Für den nordamerikanischen Kontinent haben wir den "Morelia-Nordpol Plan," der die Amerikanische Union und Kanada mit einschließt.

Für Mittelamerika, der Karibik und Südamerika haben wir den "La Garrucha-Tierra del Fuego Plan."

Für Europa und Afrika haben wir den "Oventik-Moskau Plan" (eine Reise in den Osten, die durch Cancun führt, in diesem September).

Für Asien und Ozeanien haben wir den "Roberto Barrios-Neu Delhi Plan" (eine Reise in den Westen).

Der Plan für die fünf Kontinente beinhaltet das gleiche: der Kampf gegen den Neoliberalismus und für die Menschlichkeit.

Und wir haben auch einen Plan für die Galaxien, aber wissen noch nicht wie wir ihn nennen sollen (der "Erde- Alpha Centauri Plan"?). Unser intergalaktische Plan ist genauso einfach wie die letzten, und beinhaltet, grob ausgedrückt, sich nicht dessen schämen zu müssen sich als "Menschliches Wesen" zu bezeichnen.

Es ist offensichtlich, dass unsere Pläne mehrere Vorteile haben: sie belasten nicht, sie haben keine Direktoren und können ausgeführt werden ohne Bändchen durchzuschneiden, ohne langweilige Zeremonien, ohne Statuen und ohne dass die Musikgruppe ihren Wunsch das Stück zu spielen unterdrücken müsste — nun zum Rhythmus der Cumbia, und während die Angesehenen das Tanzbein schwingen — das ungefähr so läuft: "Der Horizont ist nun zu sehen..."

Aus den Bergen des mexikanischen Südostens.

Subcomandante Insurgente Marcos

Juli, 2003.

Chiapas, Mexiko, amerikanischer Kontinent, Planet Erde, Sonnensystem, Galaxie... Galaxie... wie heißt unsere Galaxie?
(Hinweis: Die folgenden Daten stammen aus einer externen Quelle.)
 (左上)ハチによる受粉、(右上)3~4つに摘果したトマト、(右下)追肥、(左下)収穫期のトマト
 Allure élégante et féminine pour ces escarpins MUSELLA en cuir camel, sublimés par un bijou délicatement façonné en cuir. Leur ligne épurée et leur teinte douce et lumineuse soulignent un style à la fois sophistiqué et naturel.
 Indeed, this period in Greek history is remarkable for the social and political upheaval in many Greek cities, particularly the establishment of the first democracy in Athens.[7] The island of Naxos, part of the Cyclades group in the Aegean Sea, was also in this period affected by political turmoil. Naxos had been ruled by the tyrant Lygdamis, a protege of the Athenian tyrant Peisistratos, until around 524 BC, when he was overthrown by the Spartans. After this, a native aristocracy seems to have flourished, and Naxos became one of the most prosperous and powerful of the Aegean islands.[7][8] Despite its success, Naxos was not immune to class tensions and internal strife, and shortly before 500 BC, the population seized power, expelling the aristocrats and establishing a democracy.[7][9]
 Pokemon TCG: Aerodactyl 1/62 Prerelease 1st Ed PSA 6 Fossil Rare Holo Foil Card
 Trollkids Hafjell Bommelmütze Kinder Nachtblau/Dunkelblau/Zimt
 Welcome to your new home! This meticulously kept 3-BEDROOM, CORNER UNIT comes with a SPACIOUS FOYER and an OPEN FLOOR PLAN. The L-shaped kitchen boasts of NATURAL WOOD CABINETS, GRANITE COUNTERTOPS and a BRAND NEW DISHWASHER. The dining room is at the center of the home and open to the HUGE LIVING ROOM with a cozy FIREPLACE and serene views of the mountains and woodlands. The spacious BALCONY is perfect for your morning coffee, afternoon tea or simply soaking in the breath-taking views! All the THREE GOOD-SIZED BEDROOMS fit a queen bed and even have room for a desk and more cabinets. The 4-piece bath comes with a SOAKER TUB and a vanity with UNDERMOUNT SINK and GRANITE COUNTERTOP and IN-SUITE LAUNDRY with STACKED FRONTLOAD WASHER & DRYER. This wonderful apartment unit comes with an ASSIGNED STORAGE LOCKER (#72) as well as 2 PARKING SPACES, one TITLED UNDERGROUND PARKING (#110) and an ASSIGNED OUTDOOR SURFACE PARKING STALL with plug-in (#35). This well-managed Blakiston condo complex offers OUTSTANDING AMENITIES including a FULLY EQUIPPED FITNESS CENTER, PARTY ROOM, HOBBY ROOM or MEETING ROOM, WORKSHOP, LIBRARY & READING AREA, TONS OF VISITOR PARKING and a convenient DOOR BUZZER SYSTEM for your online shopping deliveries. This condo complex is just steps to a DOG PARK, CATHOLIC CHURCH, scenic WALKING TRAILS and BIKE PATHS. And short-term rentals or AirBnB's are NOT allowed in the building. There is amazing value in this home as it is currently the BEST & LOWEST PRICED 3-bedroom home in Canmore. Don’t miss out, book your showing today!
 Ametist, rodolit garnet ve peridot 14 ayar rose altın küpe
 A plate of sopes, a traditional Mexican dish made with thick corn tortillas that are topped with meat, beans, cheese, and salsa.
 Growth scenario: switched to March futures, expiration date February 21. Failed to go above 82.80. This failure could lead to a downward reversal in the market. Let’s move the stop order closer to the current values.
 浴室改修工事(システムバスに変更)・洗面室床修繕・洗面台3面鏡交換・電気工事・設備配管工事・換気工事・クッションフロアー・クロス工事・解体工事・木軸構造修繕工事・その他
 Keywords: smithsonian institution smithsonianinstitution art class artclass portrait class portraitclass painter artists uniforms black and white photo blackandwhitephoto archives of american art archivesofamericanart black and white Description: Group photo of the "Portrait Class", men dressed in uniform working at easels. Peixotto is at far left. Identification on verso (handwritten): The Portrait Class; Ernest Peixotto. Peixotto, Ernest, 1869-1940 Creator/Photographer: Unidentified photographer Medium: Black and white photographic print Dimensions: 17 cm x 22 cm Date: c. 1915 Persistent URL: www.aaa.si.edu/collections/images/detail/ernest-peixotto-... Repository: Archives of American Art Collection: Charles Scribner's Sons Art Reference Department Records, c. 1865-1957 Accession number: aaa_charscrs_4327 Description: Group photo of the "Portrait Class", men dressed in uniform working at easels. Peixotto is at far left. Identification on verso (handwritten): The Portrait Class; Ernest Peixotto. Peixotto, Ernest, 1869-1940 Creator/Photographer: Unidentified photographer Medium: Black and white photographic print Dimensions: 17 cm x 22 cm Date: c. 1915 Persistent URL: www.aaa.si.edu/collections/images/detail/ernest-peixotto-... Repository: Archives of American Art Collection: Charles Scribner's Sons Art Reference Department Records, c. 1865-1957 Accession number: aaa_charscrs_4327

P.S. Da wir gerade von üblen Plänen reden, an diesem 25. Juli werden es neun Jahre her sein, seit dem Angriff auf die Karawane des damaligen Kandidaten für das Gouverneursamt von Chiapas, Amado Avendaño Figueroa, bei dem die Sozialaktivisten Agustín Rubio, Ernesto Fonseca und Rigoberto Mauricio, ihr Leben verloren. Für Gerechtigkeit wurde immer noch nicht gesorgt. Ich weiß nicht wie’s Ihnen geht, aber wir haben nicht vergessen.